Intended Integration Points

Once the relay is built, Twilio webhooks will tie into our existing Google Apps Script infrastructure:

  • Crew Magic-Link Flow: When a captain receives an inbound SMS via the relay, a webhook triggers a GAS function that looks up the crew member in ShipCaptainCrew, generates a time-limited magic link, and SMS's it back—all without exposing passwords or links in email.
  • Calendar Event Binding: Inbound messages are tagged with the event ID from our Jada booking calendar. This allows the maintenance hub to display SMS conversations alongside event details.
  • Cascading Availability Check: Before routing to a responder, the relay queries the calendar to check their availability status (on duty, on call, or off). If primary is unavailable, it automatically escalates.
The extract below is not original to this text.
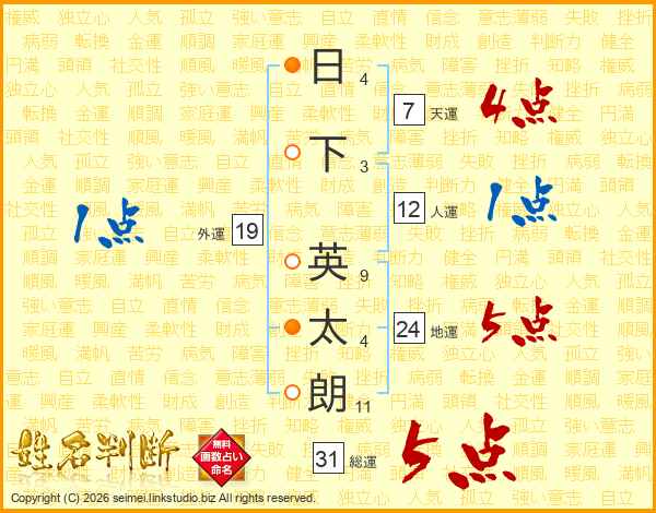 日(4画)下(3画) 英(9画)太(4画)朗(11画)

Why Not AWS SNS or Sendgrid?

We evaluated these alternatives:

  • AWS SNS: Great for push notifications and bulk SMS, but doesn't provide the robust webhook/IVR/call-routing features we need for a customer support relay. Would require us to build that logic ourselves.
  • Sendgrid: Primarily email-focused; their SMS offering is newer and lacks the call-handling features.
  • Twilio: Mature, well-documented, and purpose-built for conversational communications. The Programmable Voice and Programmable Messaging APIs are exactly what we need.

Next Steps: Building the Relay Logic

With credentials now secured and documented, the next phase involves:

  • Webhook Handler: Create a GAS endpoint (or Node.js handler if scaling requires it) that receives Twilio webhooks. This will parse inbound messages and route them based on event ID and responder availability.
  • Availability Query: Build the logic that checks our Google Calendar against responder schedules. The jada-agent daemon already maintains calendar state; we'll query it via the same API it uses internally.
  • Response Generation: Templates for automated acknowledgments ("Your message has been received. Sergio will respond within 2 hours.") and escalation notices ("Primary responder unavailable. Escalating to backup.").
  • Audit Logging: Store all inbound and outbound messages in a Firestore collection (or Google Sheets for simplicity) so the maintenance hub can display conversation history.
  • E2E Testing: Simulate crew magic-link flow: send SMS → relay receives it → generates link → sends it back → crew clicks link → claims role in Firestore.

Security Considerations

Since credentials are now in place, we need to ensure they're never logged or exposed:

  • Environment variables are loaded at process startup, not read from files at runtime
  • All Twilio SDK calls use the credentials from environment, never hardcoded
  • Webhook endpoints are rate-limited and validated with Twilio's request-signing mechanism
  • Response templates never echo back user phone numbers or message content in logs

Conclusion

This session removed the primary blocker preventing us from implementing a sophisticated SMS relay. By securing credentials appropriately and documenting their locations, we've enabled the next phase: webhook integration and cascading availability logic. The architecture leverages Twilio's maturity in conversational communications while keeping our application layer focused on business logic (availability checking, event binding, crew management) rather than telecom infrastructure.

Next action: Build the webhook handler in GAS that ties Twilio inbound messages to our calendar and crew systems. This unblocks the e2e test for ShipCaptainCrew and the cascading SMS relay for the support line.